An integrated approach of feature selection and machine learning for early detection of breast cancer.
Journal:
Scientific reports
PMID:
40234520
Abstract
Breast cancer ranks among the most prevalent cancers in women globally, with its treatment efficacy heavily reliant on the early identification and diagnosis of the disease. The importance of early detection and diagnosis cannot be overstated in enhancing the survival prospects of those afflicted with breast cancer. With the increasing application of machine learning technology in the medical field, algorithm-based diagnostic tools provide new possibilities for early prediction of breast cancer. In this study, we introduced a novel feature selection approach, which leverages Shapley additive explanation (SHAP) values as the basis for Recursive Feature Elimination (RFE), utilizing a Random Forest (RF) algorithm within the RFE framework. To address the data imbalance challenge, we incorporated Borderline-SMOTE1. The efficacy of the proposed method was assessed using five machine learning models, K-Nearest Neighbor (KNN), Random Forest (RF), Logistic Regression (LR), Support Vector Machine (SVM), and Light Gradient Boosting Machine (LightGBM), applied to the Wisconsin Breast Cancer Diagnosis (WBCD) datasets. Optimizing hyperparameters of five models using the Particle Swarm Optimization (PSO) algorithm. In the datasets, 26 features were filtered using our recommended algorithm, the LightGBM-PSO model demonstrated an outstanding performance.

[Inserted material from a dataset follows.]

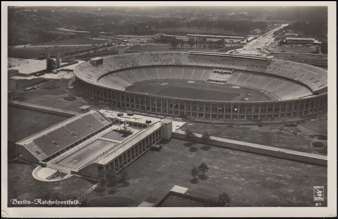 AK Berlin-Reichssportfeld Flugzeugaufnahme B 7, ungebraucht, um 1940

The model demonstrated an impressive accuracy of 99.0% in differentiating between benign and malignant cases, boasting a specificity and precision of 100%, a recall rate of 97.40%, an F-measure of 98.68%, an AUC of 0.9870, and a 10-fold cross-validation accuracy of 0.9808. Subsequently, we developed a corresponding online tool (https://breast-cancer-prediction-tool-cgbjlhkns7yig6bmzvztmc.streamlit.app/) based on this model for predicting the risk of breast cancer. Feature selection using recommended algorithm and optimization of the LightGBM model through PSO can significantly enhance the accuracy of breast cancer prediction. This could potentially improve the prognosis for patients diagnosed with breast cancer.